Abstract
Last year, the American College of Medical Genetics and Genomics (ACMG) created a stir by issuing its recommendations for reporting incidental findings in clinical genome or exome sequencing. According to these recommendations, a critical subset of genes needs to be scrutinized whenever genome or exome sequencing is performed, and that clinicians should communicate all the findings to patients, whether or not they concern genes that were originally thought to be of interest.
The original guidelines also included an “opt out” provision for patients. That is, the ACMG said that after testing, patients should have the opportunity to opt out of the analysis of medically actionable genes. Now, with its updated recommendations, the ACMG says that the opt-out discussion should occur before testing.
“This update to our recommendations moves the opt-out discussion to the point where the sample is sent rather than at the time when results are received by the ordering clinician, as was originally recommended,” explained Gail Herman, M.D., Ph.D., FACMG, president of the American College of Medical Genetics and Genomics. According to the revised guidelines, the opt-out option and its implications should be part of the general education and informed consent process undertaken by the ordering clinician prior to ordering the test.
Other aspects of the original recommendations remain in place. For example, the ACMG continues to call for testing 56 genes for pathogenic mutations. The ACMG adds, however, that the precise list of genes that should be routinely and fully analyzed (and reported) will gradually evolve. According to the ACMG, a special committee has been set up by the ACMG board to address the specific process by which genes are considered for inclusion on the list.
The exact number of genes is not, however, the main source of controversy. After the ACMG's original recommendations were issued, critics asserted that they embodied a bundling concept. That is, patients, clinicians, and laboratories were being asked to accept the idea that if genomic testing were to be done at all, a certain minimum number of genes would have to be assessed. This idea, some critics charged, could even blur the meaning of the phrase “incidental finding.”
In response, the ACMG has at least demonstrated that it is open to criticism. For example, the organization's official journal, Genetics in Medicine, has run articles with challenging titles such as “ACMG recommendations on incidental findings are flawed scientifically and ethically” and “Paternalism and the ACMG recommendations on genomic incidental findings: Patients seen but not heard.”
Also, in the press release that accompanied the new guidelines, the ACMG indicated that its board was sensitive to the views of its members: “The positions … regarding the issues raised by the recommendations have been assessed through a variety of mechanisms, including direct feedback, participation by board members in numerous forums exploring these issues, informal conversations, published articles, commentaries and, most recently, through an extensive member survey.”
Preliminary survey results were presented at the ACMG business meeting at the 2014 ACMG Annual Clinical Genetics Meeting in Nashville on Thursday, March 27. When GEN asked for details of the survey results, the ACMG said, “We need to complete further analyses of the data and plan to publish a summary in Genetics in Medicine in 2014.”

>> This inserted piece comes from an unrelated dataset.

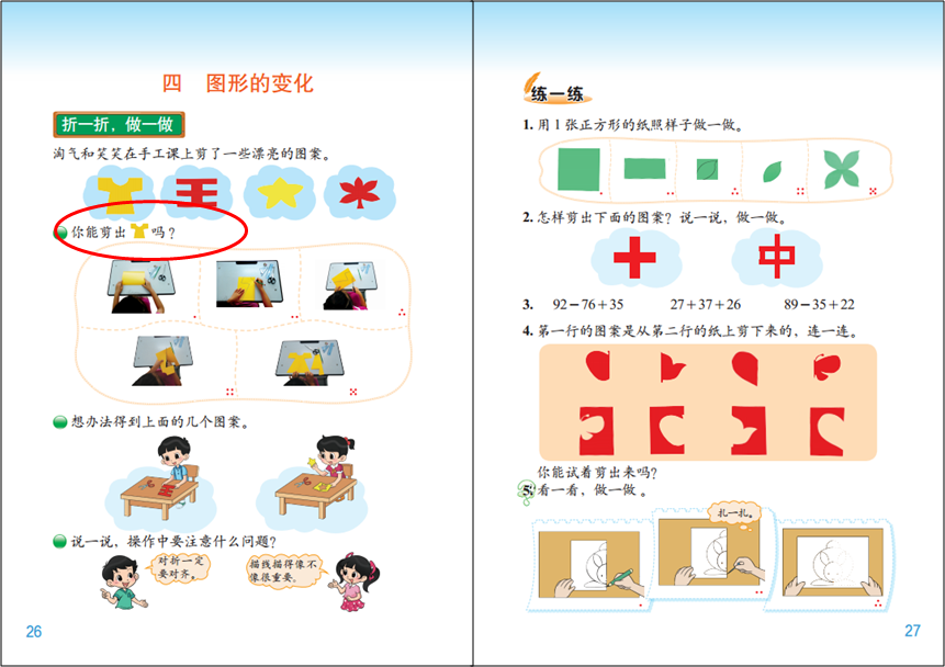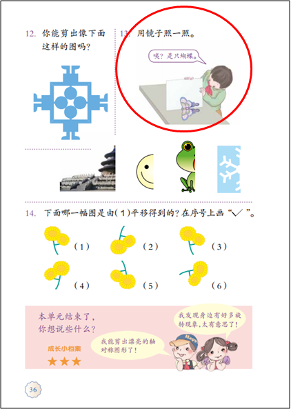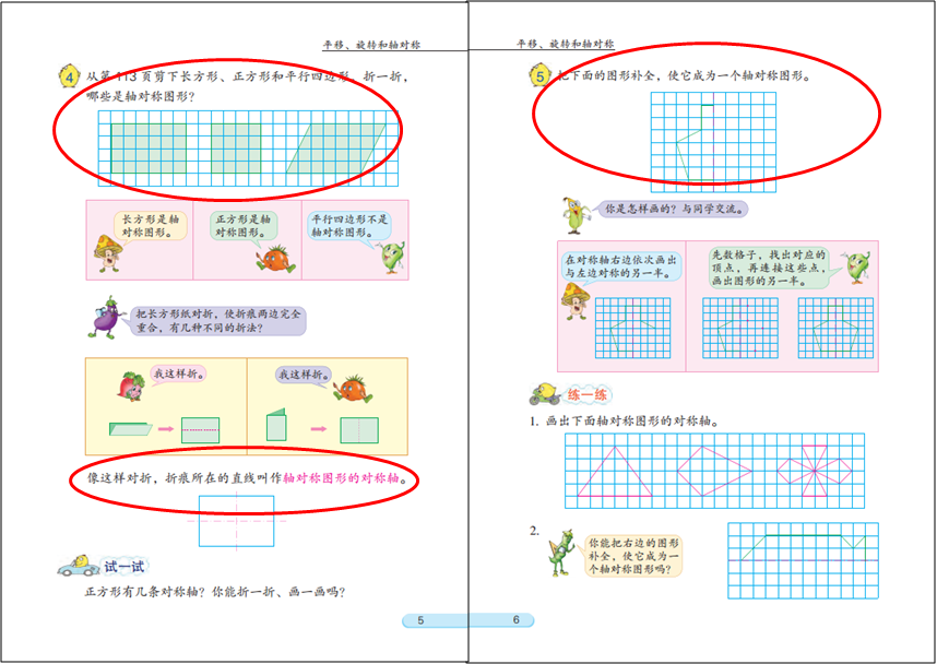 ○通过观察、操作等活动,进一步认识轴对称图形及其对称轴,能在方格纸上画出轴对称图形的对称轴;能在方格纸上补全一个简单的轴对称图形。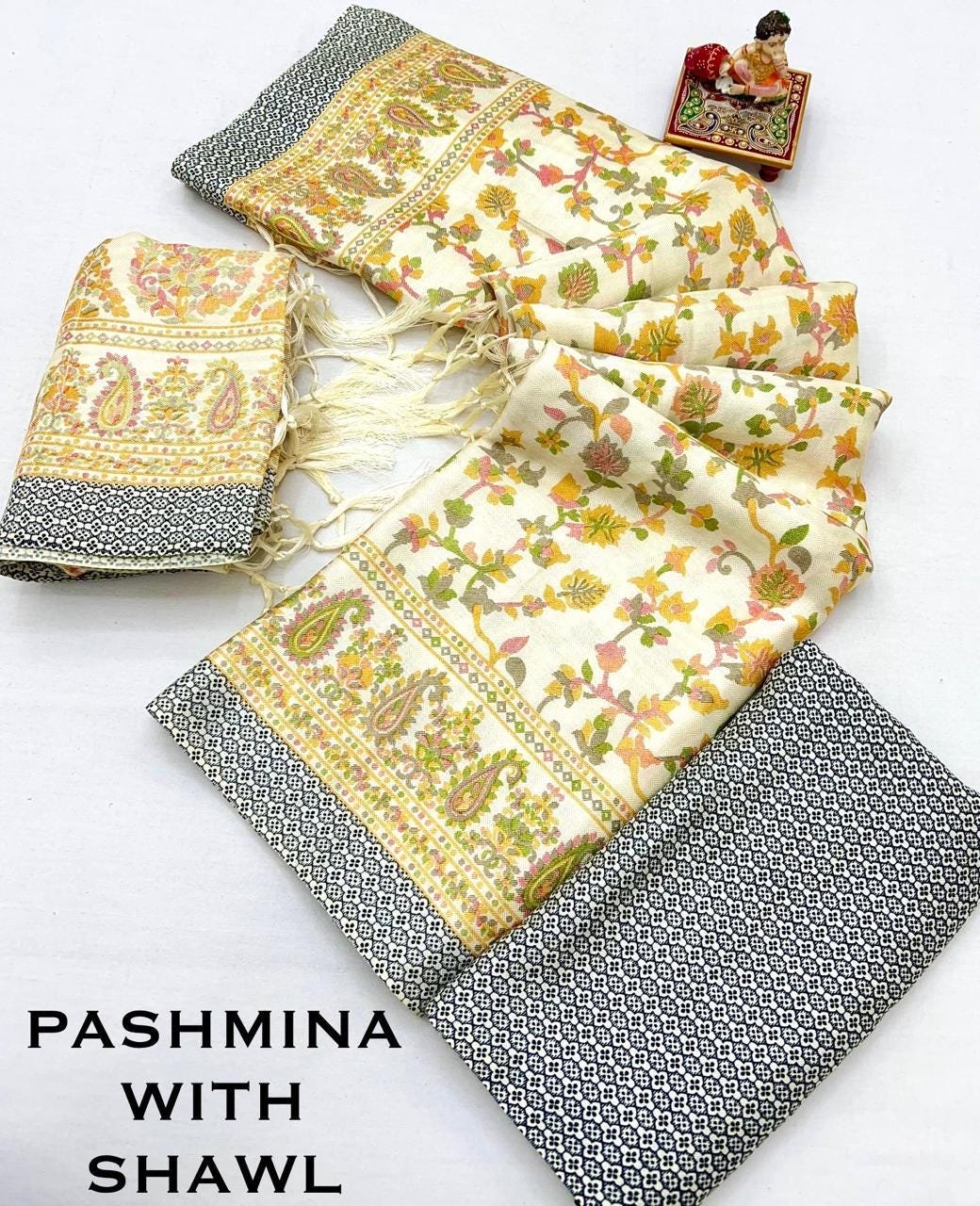 Pashmina Silk Saree, Handloom Wedding Sari with Blouse

When asked if laboratories have been following the ACMG's recommendations, the organization responded that it does not formally track such activities. Nonetheless, by means of informal exchanges at the 2014 ACMG meeting and other venues, the ACMG gathers that most laboratories (about 90%) offer an opt-out option already. Also, it appears that more than 90% of patients undergoing clinical exome or genome sequencing have elected to have incidental results returned (that is, not opt out) when offered a choice.
A notable exception is the clinical sequencing laboratory at the Baylor College of Medicine. According to the ACMG, the lab has not yet offered patients a way to opt-out of the 56 genes in its consent procedure. Moreover, the lab will return data for selected additional genes/disorders. (Last October, in the New England Journal of Medicine, Baylor reported that it had provided a diagnosis to 25% of the first 250 such patients with suspected genetic diseases referred to its whole-genome laboratory.)
Despite the potential for continued controversy, the ACMG seems optimistic that a workable consensus can be reached. Last year, in a summary of ACMG practice guidelines published in Genetics in Medicine, the authors wrote: “As always, the diagnostic community will collectively benefit by discussing the newest and most pressing NGS issues together. This will require an ongoing dialogue among those already engaged in this pursuit, those determining how to become involved in this new paradigm of molecular testing, and those who will be responsible for ordering and communicating NGS results to patients.”
More recently, with the release of its updated guidelines, Dr. Gail Herman added, “The vibrancy of the debate is a testament to the importance and relevance of our field to the lives of our patients. There remain many complex issues to be addressed regarding the implementation of genome-scale sequencing in clinical care and we plan to keep having dialogue. It was our understanding from the beginning and was stated in the recommendations that they would evolve over time. The ACMG is committed to working to ensure that promising new technologies are used now and in the future for the benefit of our patients and their families.”